33. Guanosine in the form of free guanosine G, GMP, GDP, or GTP functions as a cofactor for self-splicing of Tetrahymena rRNA. Self-splicing exhibits a Km of 32 mM for G and is competitively inhibited by inosine, a nucleoside analog. What do these properties suggest regarding the interaction of G and Tetrahymena rRNA?

Ans: Guanosine does not function as an energy source. If it did, only a high-energy phosphate form such as GTP would be effective in self-splicing. That the reaction is saturable for G (i.e., there are a Vmax and Km) and G can be competed against suggest that there must be a folded domain in Tetrahymena rRNA capable of specifically binding G. In other words, the rRNA has a cofactor-binding site similar to that present in some enzymes.

34. What are the main features of splicing in pre-tRNA that distinguish it from splicing in pre-mRNA?

Ans: Splicing of pre-tRNA does not involve spliceosomes.

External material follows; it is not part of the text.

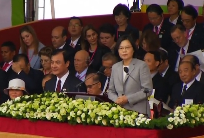 ประธานาธิบดีไช่กล่าวสุนทรพจน์เนื่องในวันชาติไต้หวัน 10 ตุลาคมว่า เวลานี้การข่มขู่และการกดดันทางการทูตของจีนไม่เพียงทำร้ายความสัมพันธ์ของสองฝ่าย แต่ยังท้าทายเสถียรภาพอันสันติในช่องแคบไต้หวันอย่างร้ายแรง ไต้หวันจะเพิ่มงบกลาโหมทุกปีเพื่อสร้างหลักประกันว่าจะสามารถปกป้องอธิปไตยด้วยการยกระดับศักยภาพกองทัพและการพึ่งพาตนเอง เช่น ฟื้นโครงการพัฒนาการฝึกเครื่องบินและเรือดำน้ำขั้นสูงด้วยตนเอง ขณะเดียวกันไต้หวันจะต้องร่วมกับหลายประเทศสร้างพันธมิตรปกป้องประชาธิปไตย ผู้นำไต้หวันยังได้ขอให้นานาชาติร่วมกันต่อสู้กับการแทรกซึมในบางรูปแบบ เช่น การแพร่กระจายข่าวเท็จของบางประเทศ เธอขอรับปากกับทุกคนว่า ไต้หวันจะไม่บุ่มบ่ามเพิ่มความเป็นปรปักษ์ แต่ก็จะไม่ยอมจำนนหรืออ่อนข้อให้ใคร

In the first step, an endonuclease-catalyzed reaction excises the intron, which is released as a linear fragment, and a 2,3-cyclic monophosphate ester forms on the cleaved end of the 5 exon. A multistep reaction that requires the energy derived from hydrolysis of one GTP and one ATP then joins the two exons. In contrast, pre-mRNA splicing occurs in spliceosomes, involves two transesterification reactions, releases the intron as a lariat structure, and does not require GTP. Although these transesterification reactions do not require ATP hydrolysis, it probably is necessary for the rearrangements that occur in the spliceosome.